• Problem details
Copy out the lines below that hold the word "青铜葵花".

Collection entries:

>>>>

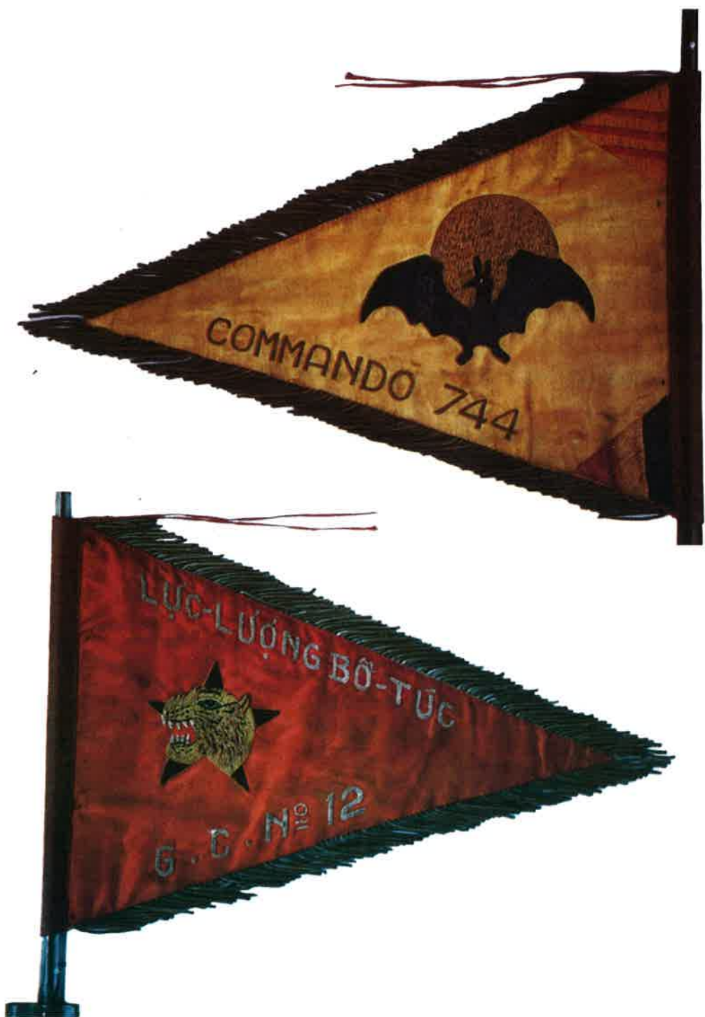
Dimensions du fanion du commando 744 Hauteur : 30 cm - Longueur : 47 cm
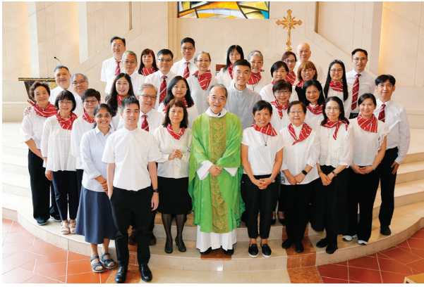
9月29日聖言宣讀員祝福禮
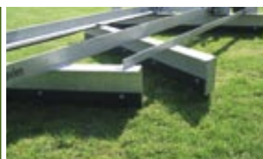
De tre Hardox stålskær sikrer lang levetid og et effektivt arbejde.
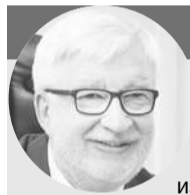
Виктор САЙГИН, депутат Мурманской областной Думы:

Различные виды выплат получают почти 65 тысяч заполярных семей. В 2021 году на эти цели в областном бюджете предусмотрено свыше 6,5 млрд рублей.
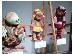
i EXTERIOR DIRECTE
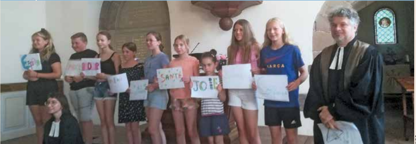
Le dimanche 25 juin a eu lieu le culte de fin d'année des catéchumènes du secteur des paroisses de Brumath-Krautwiller, d'Eckwersheim et de Geudertheim sur le thème « Jésus marche à nos côtés ».
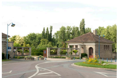
Vue de l'entrée du cimetière. Le pavillon du gardien. IVR11_20177800915NUC4A
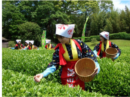
Cueillette manuelle des bourgeons de la 1 er récolte pour les thés haut de gamme
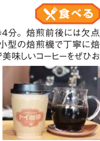
※他の特典との併用不可
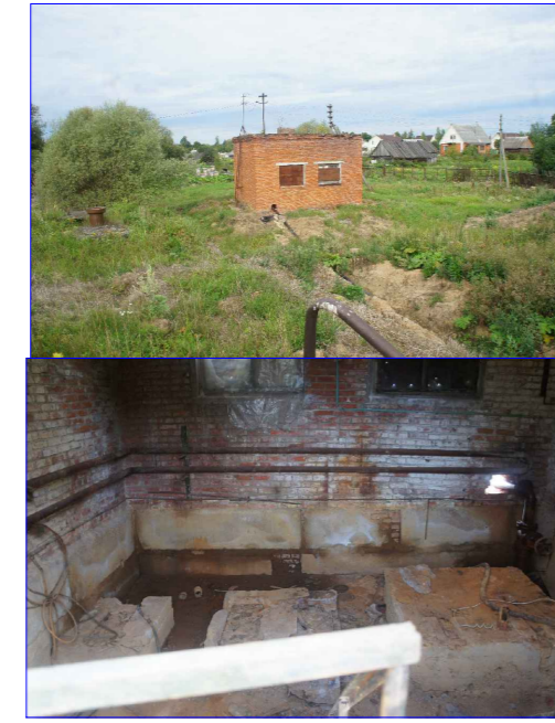
Станция второго подъема. Не рабочая.
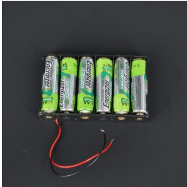
6X بطاريات (يفضل توفير حامل بطاريات لعدد 6)
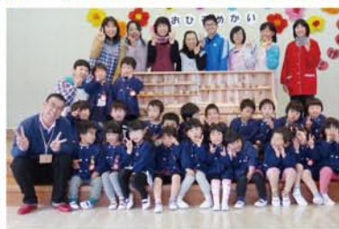
太田市 藪塚本町南幼稚園様
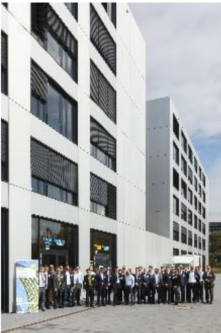
Picture 4: 25 Unternehmen beteiligten sich an der AZL-Studie „Neue Potenziale für Verbundtechnologien in Bau- und Infrastrukturmärkten“, die 2016 startete und im September 2017 abgeschlossen wurde.
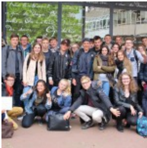
La Seconde 1 du lycée Tocqueville de Cherbourg-en- Cotentin, prix de la meilleure classe
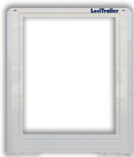
Parete anteriore: struttura monoblocco galvanizzata e in cataforesi KTL
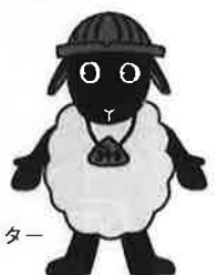
羊のイメージキャラクター 「イケめえんくん」
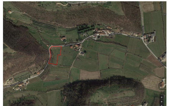
AREA AGRICOLA A VAL DI MOLINO TRA SOVIZZO E CASTELGOMBERTO
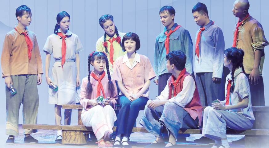
《青铜葵花》《草房子》剧照

舞台布景、灯光设计、音乐烘托等手段,将文学中的意境转化为可视可感的舞台画面,《草房子》中油麻地的乡村景致,《青铜葵花》中的芦苇荡,都在舞台上获得了新的生命。这种转化不是简单的场景再现,而是对文学意境的深度挖掘和艺术再现。
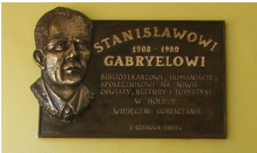
Tablica upamiętniająca nadanie imienia Stanisława Gabryela Miejskiej Bibliotece Publicznej

<<<<

• Written answer
《青铜葵花》《草房子》剧照
舞台布景、灯光设计、音乐烘托等手段,将文学中的意境转化为可视可感的舞台画面,《草房子》中油麻地的乡村景致,《青铜葵花》中的芦苇荡,都在舞台上获得了新的生命。这种转化不是简单的场景再现,而是对文学意境的深度挖掘和艺术再现。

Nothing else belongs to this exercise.